*What needs to be done*.
Your answer should hold only the lines from the one containing "传承系列年历双盘计时码表城市版 (Heritage BiCompax" through the last line below, copied exactly; pictures stay out.

*The data*.
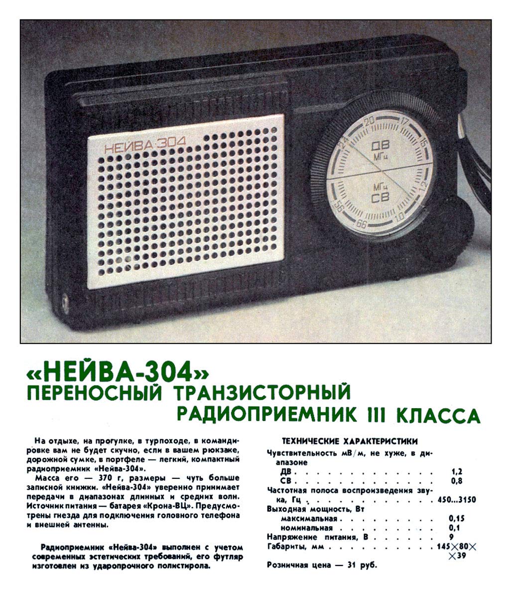 Масса 450 гр. Радиоприёмник ''Нейва-304'' ничем, кроме класса и наименования
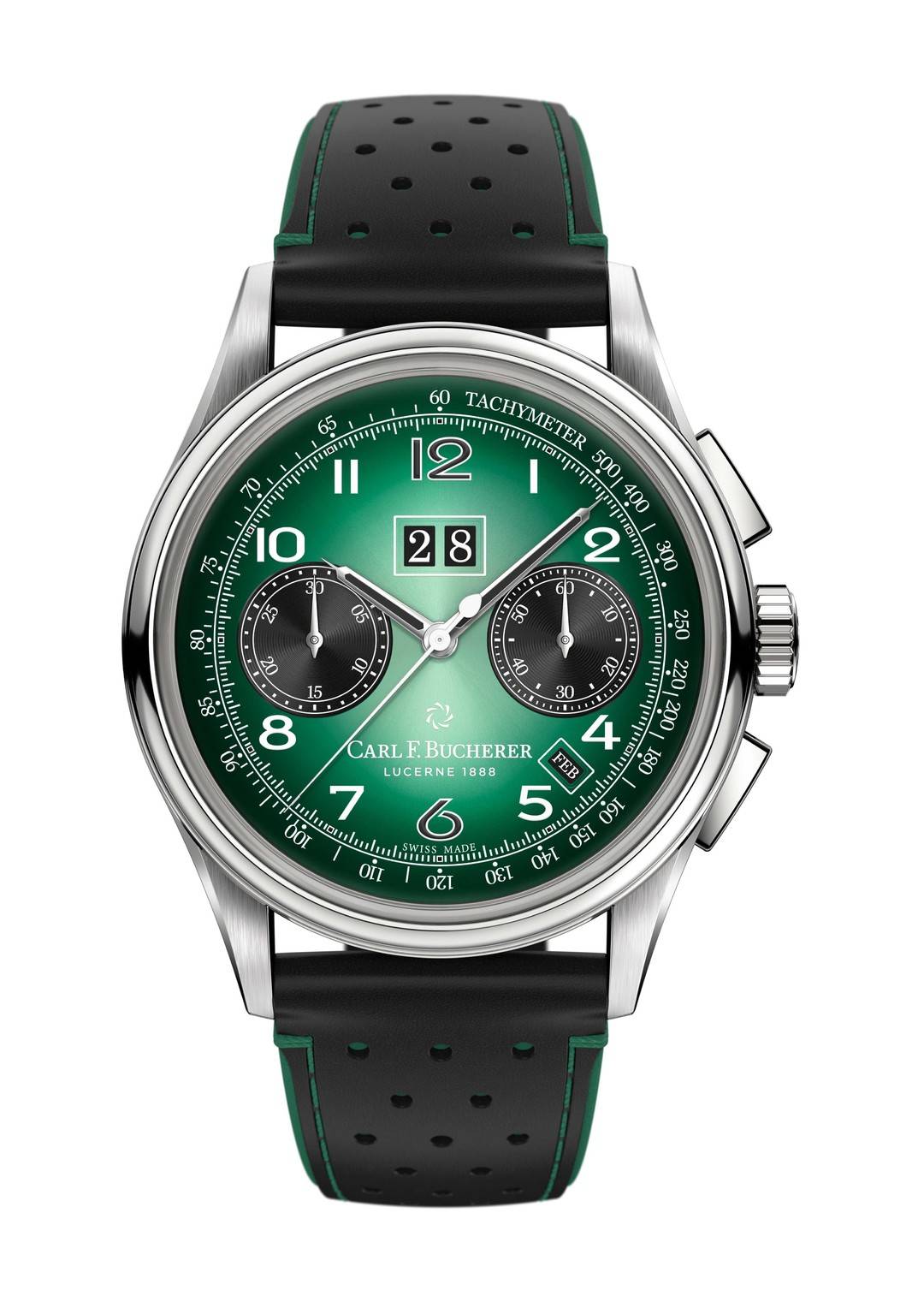 传承系列年历双盘计时码表城市版 (Heritage BiCompax Annual Hometown) 绿色表盘采用太阳纹拉丝工艺,黑色小秒针和计时小表盘与表盘颜色形成反差,别具一格。表盘边缘设有测速刻度,计算时光更迭,留下每一帧的动人故事。
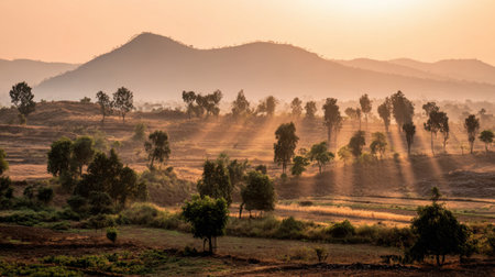 Experience a peaceful landscape where soft sunlight beautifully illuminates trees and rolling hills, capturing the essence of nature
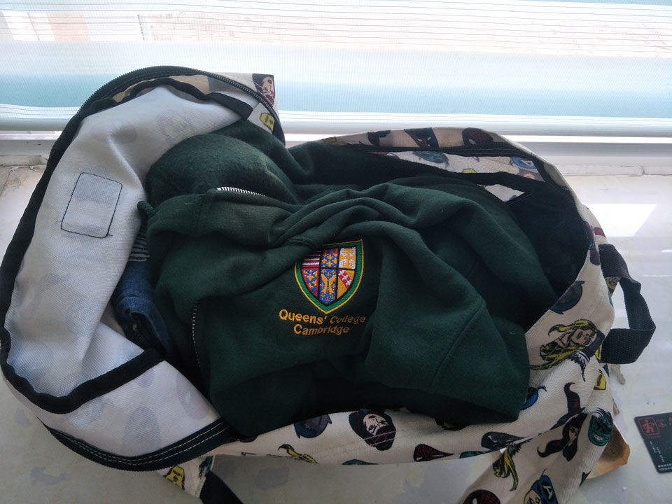 經(jīng)民警開包檢查:內(nèi)有現(xiàn)金120元,準(zhǔn)考證一張,購物卡一張,衣服、食品等物品。
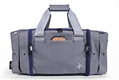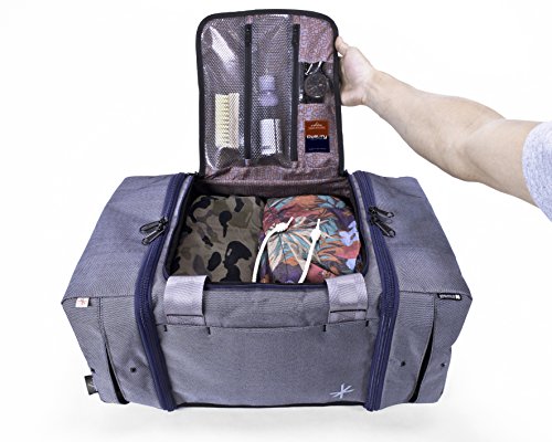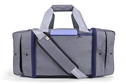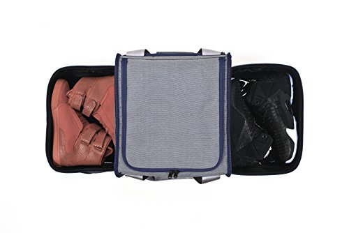 -. Feature : Fits two pairs of high-top or low-top sneakers (up to size 18), fits tablets and ipads / Fits one watches, fits a weekend's worth of clothes and toiletry bag [roughly two outfits] / Convenient side carry handles, rear zippered pocket fits tablets, quick-access front velcro pocket for phone or passport, complies with most international airline carry-on size requirements / Large side sections store two pairs of high top [or low top] sneakers, sneaker section has expansion panels to fit up to size 18 sneakers and ventilation grommets, one specialized pocket stores a watch / 22x12x10
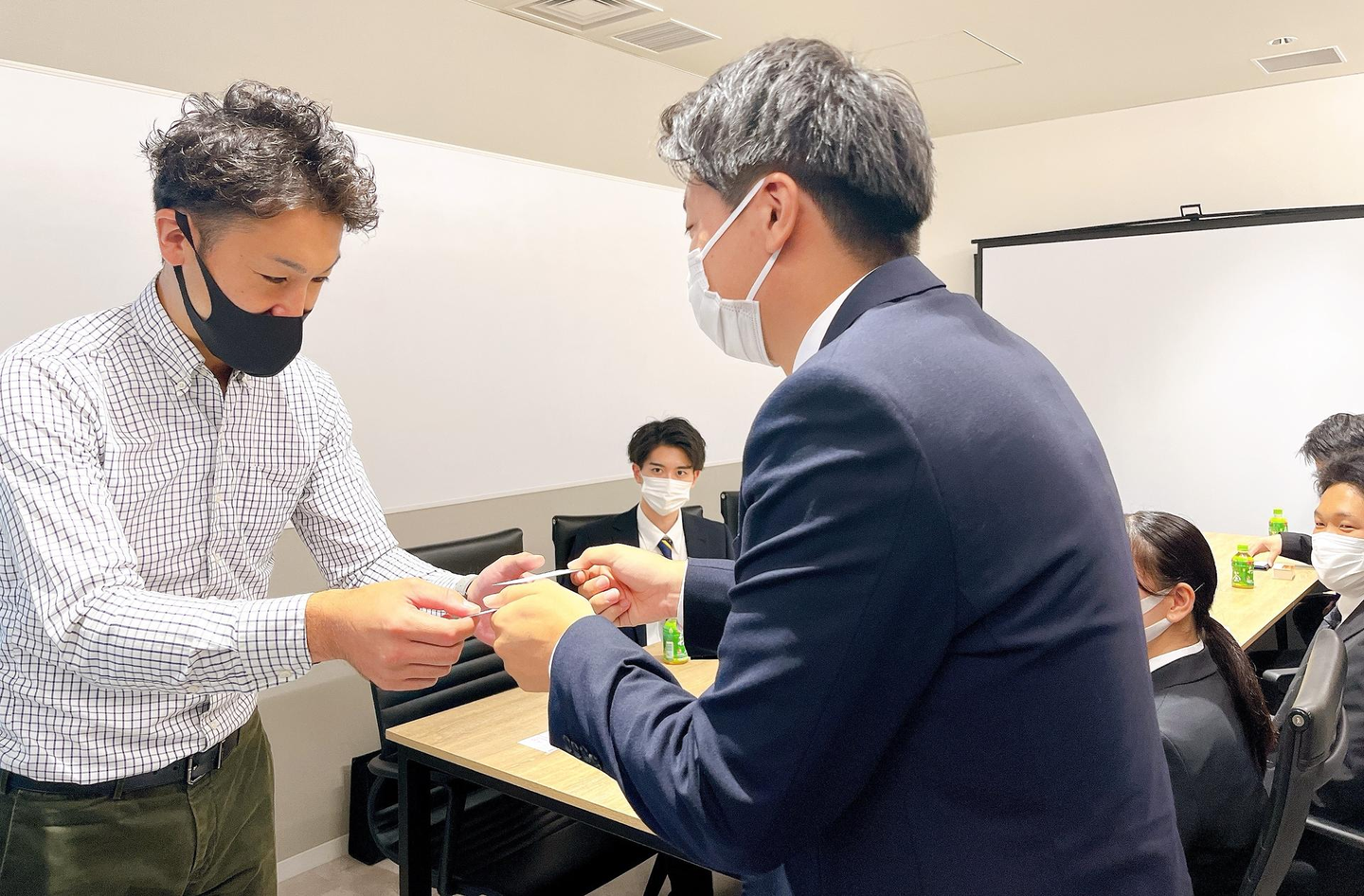 初名刺の記念に専務と名刺交換の練習を実施しました!
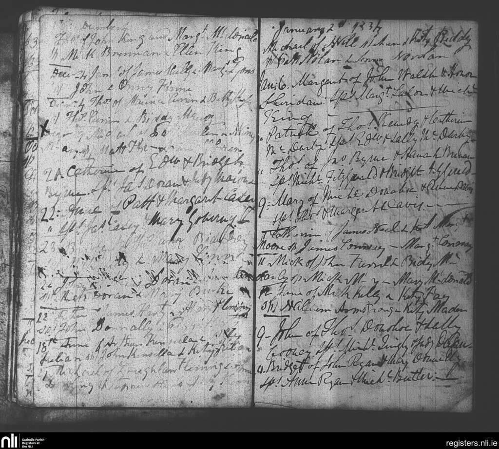 Arles; County of Laois; Diocese of Kildare and Leighlin. Baptisms, Dec. 1833 to Jan. 1834

*Result*.
 传承系列年历双盘计时码表城市版 (Heritage BiCompax Annual Hometown) 绿色表盘采用太阳纹拉丝工艺,黑色小秒针和计时小表盘与表盘颜色形成反差,别具一格。表盘边缘设有测速刻度,计算时光更迭,留下每一帧的动人故事。
 Experience a peaceful landscape where soft sunlight beautifully illuminates trees and rolling hills, capturing the essence of nature
 經(jīng)民警開包檢查:內(nèi)有現(xiàn)金120元,準(zhǔn)考證一張,購物卡一張,衣服、食品等物品。
 -. Feature : Fits two pairs of high-top or low-top sneakers (up to size 18), fits tablets and ipads / Fits one watches, fits a weekend's worth of clothes and toiletry bag [roughly two outfits] / Convenient side carry handles, rear zippered pocket fits tablets, quick-access front velcro pocket for phone or passport, complies with most international airline carry-on size requirements / Large side sections store two pairs of high top [or low top] sneakers, sneaker section has expansion panels to fit up to size 18 sneakers and ventilation grommets, one specialized pocket stores a watch / 22x12x10
 初名刺の記念に専務と名刺交換の練習を実施しました!
 Arles; County of Laois; Diocese of Kildare and Leighlin. Baptisms, Dec. 1833 to Jan. 1834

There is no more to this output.